My question is how Kepler, Newton and Cavendish derived the $r^2$ term? Did they just accept the predecessors thinking or did they somehow experimentally or by mathematics come to that conclusion?
I'm sorry if i missed something in the paper, but it got me thinking.
(1) Hecht, E. (2021). The true story of Newtonian gravity.
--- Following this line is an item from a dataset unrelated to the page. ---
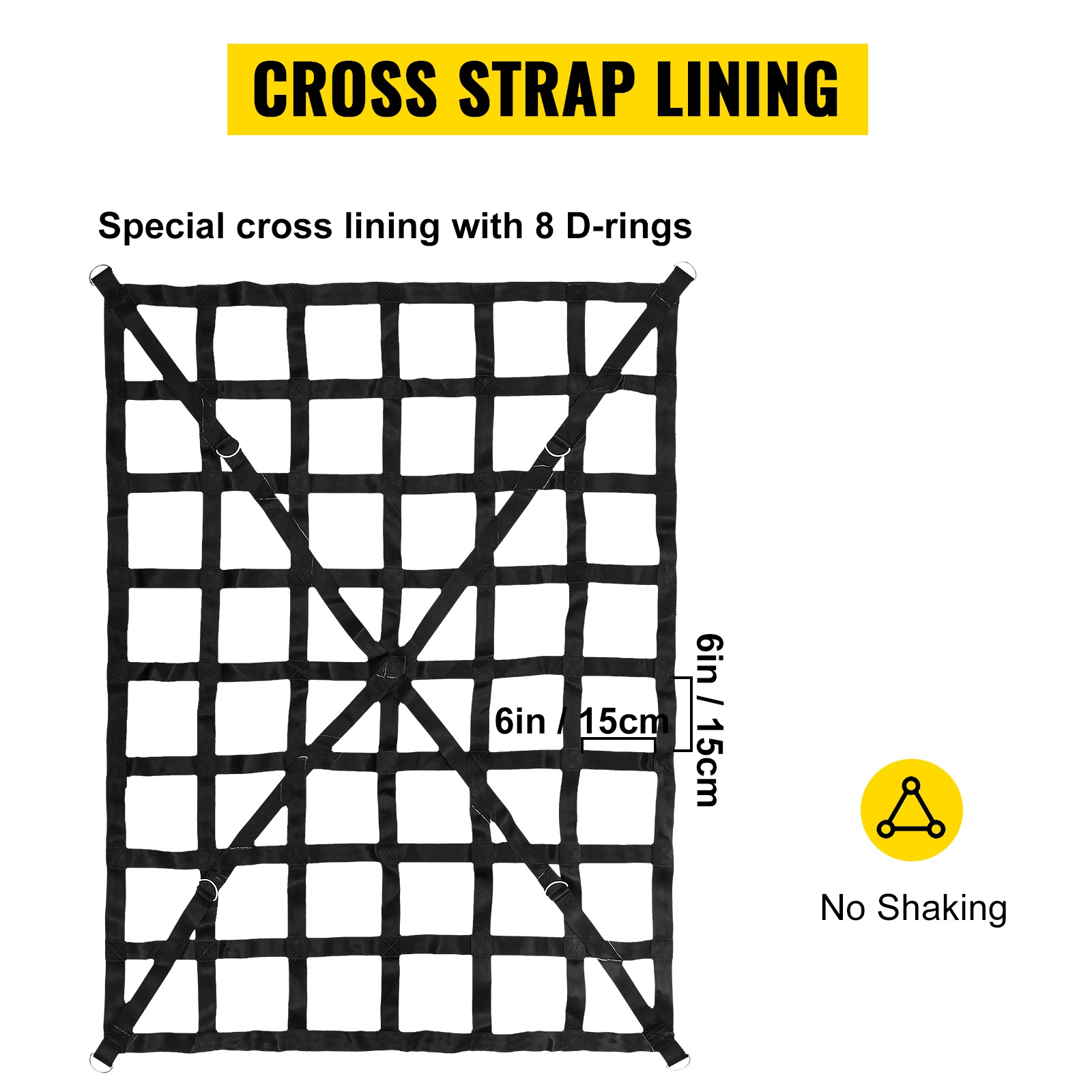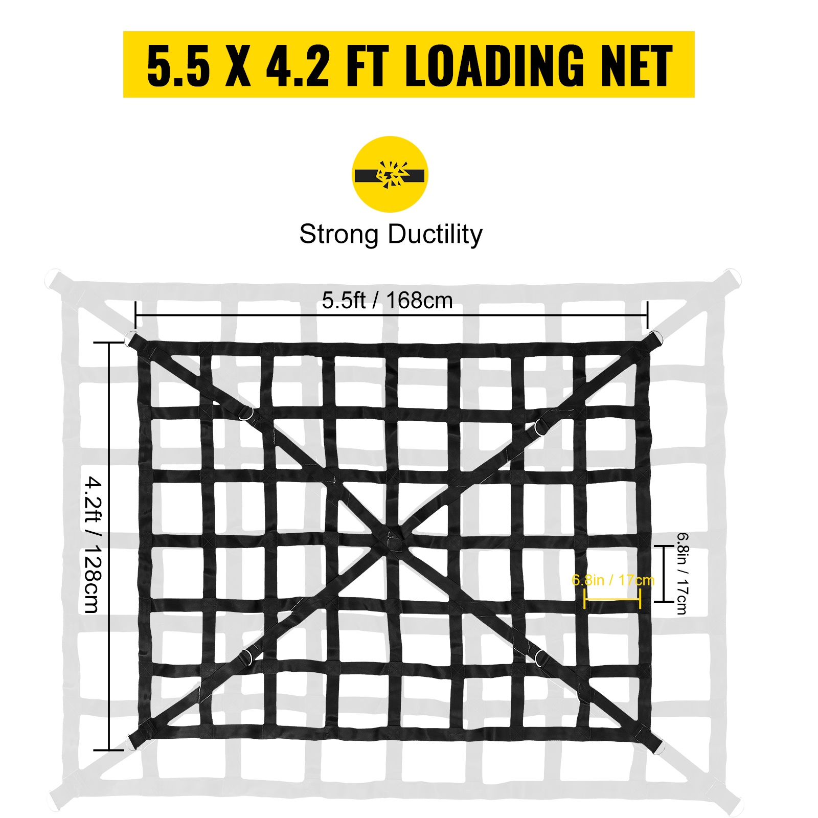 Verkon koko on 168×128 cm, ja ruutukoko 6×6 tuumaa / 15×15 cm. Mukana tulevat koukkuremmit helpottavat verkon kiinnittämistä useista pisteistä, jolloin kuorma saadaan tuettua tasaisesti ja turvallisesti.

American Journal of Physics, 89(7), 683–692. https://doi.org/10.1119/10.0003535
 A: I can't answer this from a pure historical perspective, but newton had the benefit of the observational data that Brahe had built up, along with Kepler's laws, which were good generalizations of Brahe's observational data of the motion of the planets, and I believe, were worked out by Kepler in a purely inductive way.
Once you know the paths of the planets, you then can compute the acceleration of those paths by just taking two time derivatives.  Then, you just have to multiply by m to get the force.  Then, knowing that, it's just a matter of turning around and solving the two body problem explicitly for the inverse square force, which would then predict that the orbits had to be ellipses, and all of the rest that you know.
Note that I make this sound simple, but remember that Newton had to work out calculus, the entire framework of Newtonian mechanics first, and THEN, he also had to have the insight to realize that you could apply insights from terrestrial mechanics to the motions of the planets, which was not the general belief at the time.